WHAT THE EXERCISE ASKS: Beginning with the line below that contains "서버 실행 URL과 포트 지정" and ending with the line that contains "Ilias Skandalos and", retype every line exactly. Pictures are not copied.

PROVIDED DATA:
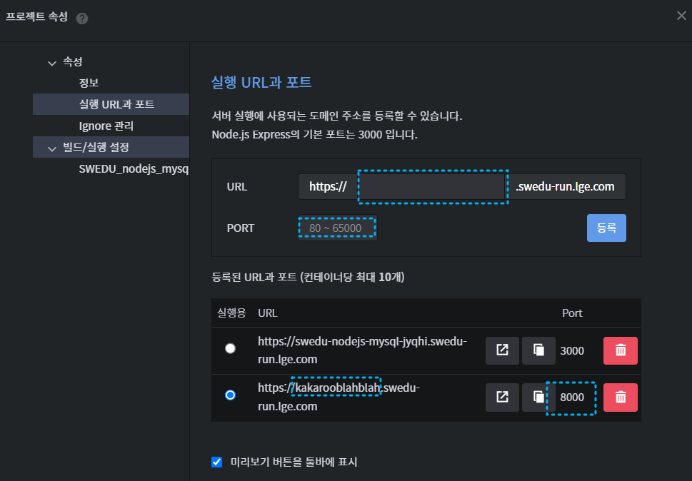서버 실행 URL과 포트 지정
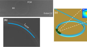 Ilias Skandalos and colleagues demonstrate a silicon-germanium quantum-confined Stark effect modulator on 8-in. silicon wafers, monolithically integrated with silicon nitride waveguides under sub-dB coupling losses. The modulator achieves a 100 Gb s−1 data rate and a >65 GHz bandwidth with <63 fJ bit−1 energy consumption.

--

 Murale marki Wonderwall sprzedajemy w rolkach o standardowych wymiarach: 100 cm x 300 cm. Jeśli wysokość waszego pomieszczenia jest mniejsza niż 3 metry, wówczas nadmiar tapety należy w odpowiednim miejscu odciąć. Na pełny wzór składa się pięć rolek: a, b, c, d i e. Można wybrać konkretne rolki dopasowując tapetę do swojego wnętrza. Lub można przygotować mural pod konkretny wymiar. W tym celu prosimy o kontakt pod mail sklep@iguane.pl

...

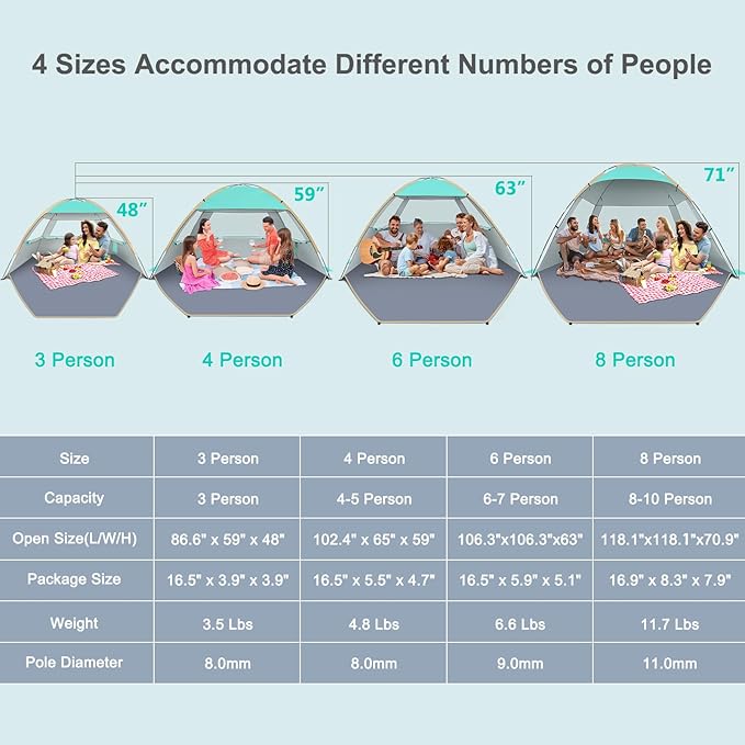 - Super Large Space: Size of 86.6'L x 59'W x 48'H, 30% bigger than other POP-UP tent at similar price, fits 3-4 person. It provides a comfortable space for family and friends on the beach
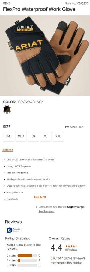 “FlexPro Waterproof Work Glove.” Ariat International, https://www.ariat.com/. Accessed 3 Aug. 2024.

ANSWER BOX:
서버 실행 URL과 포트 지정
 Ilias Skandalos and colleagues demonstrate a silicon-germanium quantum-confined Stark effect modulator on 8-in. silicon wafers, monolithically integrated with silicon nitride waveguides under sub-dB coupling losses. The modulator achieves a 100 Gb s−1 data rate and a >65 GHz bandwidth with <63 fJ bit−1 energy consumption.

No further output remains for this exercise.